I don’t think this is axiomatic. I don't think we need to live in this world. I believe in a world where models don't have amnesia but get better at every attempt of the tasks they're doing. Where your model learns that when customer Sarah from Toledo mentions "the usual," she means product SKU-4829. Where error rates drop by 73% after three months of continuous learning. Where you can run your model on even a single GPU (although of course you can up this if you like). Importantly, where you can choose exactly what point on the Pareto frontier of cost/latency vs performance you’d like to be on, and rest assured that you are indeed on the Pareto frontier.
The big generalist models will always thrive in the chatbot world; no argument there. But we're now seeing companies doing real, specific tasks. Clinical scribes that need to understand medical terminology, not ancient Greek. Insurance policy selectors that need to master state regulations, not constitutional law. Customer service agents that need to know your product inside out, not every product ever made.
That's what we build at Parsed. We eval your task, we optimise your very own model for it, and we host it with continual learning.
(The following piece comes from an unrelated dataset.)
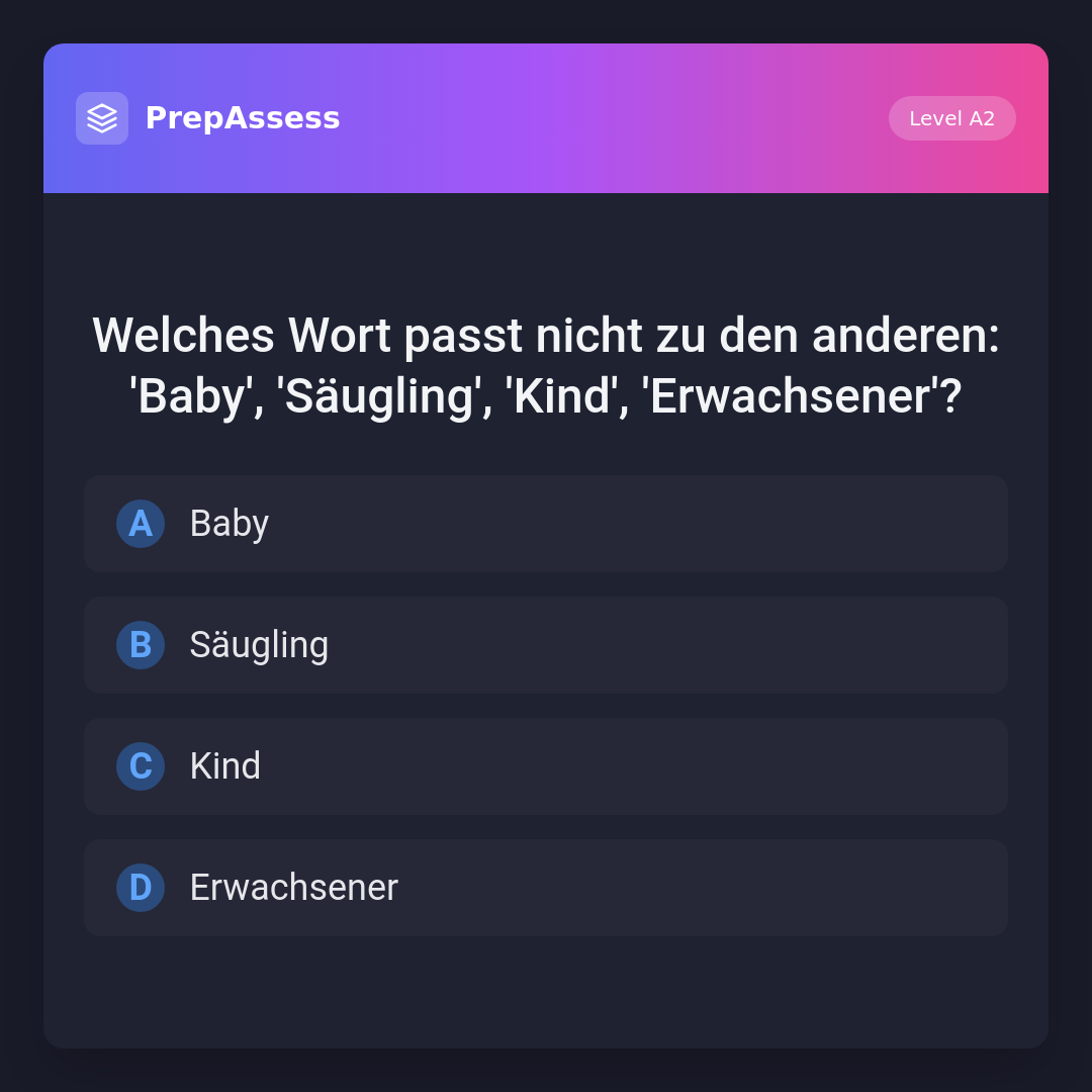 Welches Wort passt nicht zu den anderen: 'Baby', 'Säugling', 'Kind', 'Erwachsener'?

One of our clients reduced their monthly AI spend by over 50% while improving accuracy by 64%. Another finally solved their hallucination problem after nine months of prompt engineering. It turns out when you train a model exclusively on insurance policies, it stops making up coverage that doesn't exist.
There's only so much differentiation you can get from your competitors by constructing a better prompt. They can copy your prompt in an afternoon. But a model that's been learning from your specific use case for six months, and that's been optimised on your actual customer interactions, well, that’s a real moat.
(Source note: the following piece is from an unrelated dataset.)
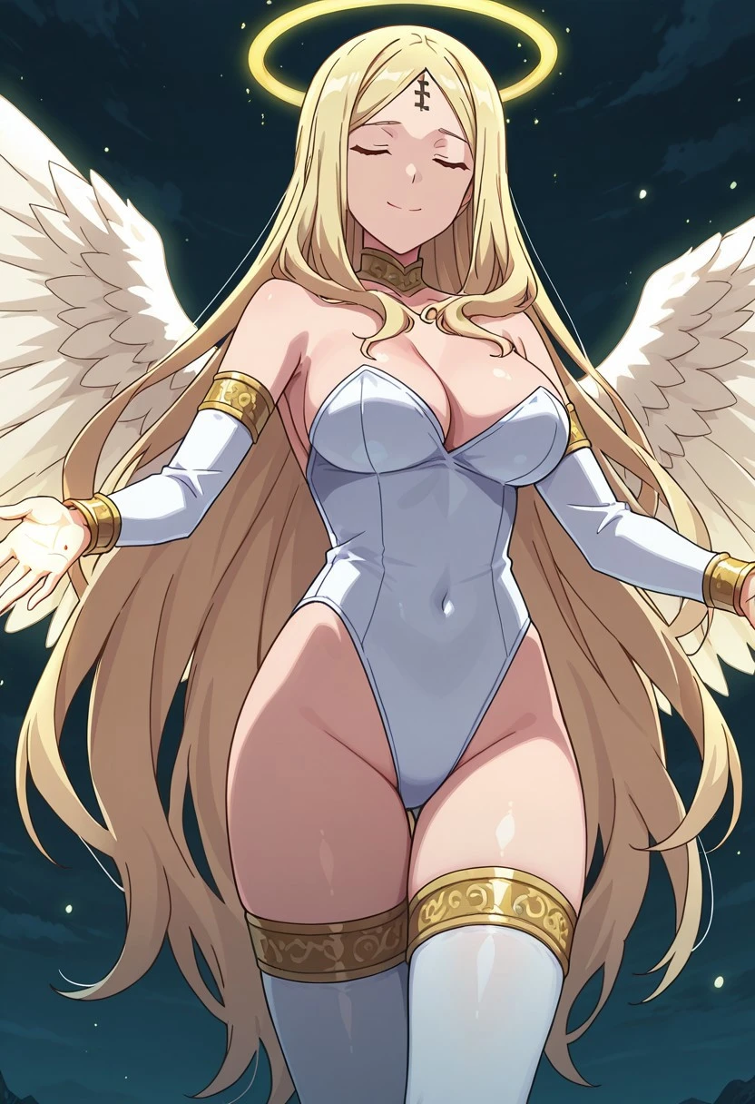 UllminaEAngel, 1girl, solo, long hair, halo on back, blonde hair, parted bangs, very long hair, yellow eyes, forehead cross mark, dark-skinned female, dark skin, large breasts, covered navel, large hips, thick thighs, white thighhighs, angel feathered wings, white highleg leotard, cleavage, golden chocker, detached white sleeves, bare shoulders, thigh gap, golden bracelets, jewelry, angel, bare feet, golden shine, golden bright aura on body, golden light magic in hands, holy aura, golden rays of light,Description

The future isn't one massive intern that forgets everything between conversations. It's a team of specialists who remember, who learn, who get better at their jobs every single day. While everyone else is still explaining the same task to their amnesiac genius for the thousandth time, your model will have already mastered it, improved on it, and moved on to solving problems you haven't even thought of yet. That’s an actual competitive advantage.
Stop paying for Shakespeare when you need spreadsheets. Let's build something that actually learns.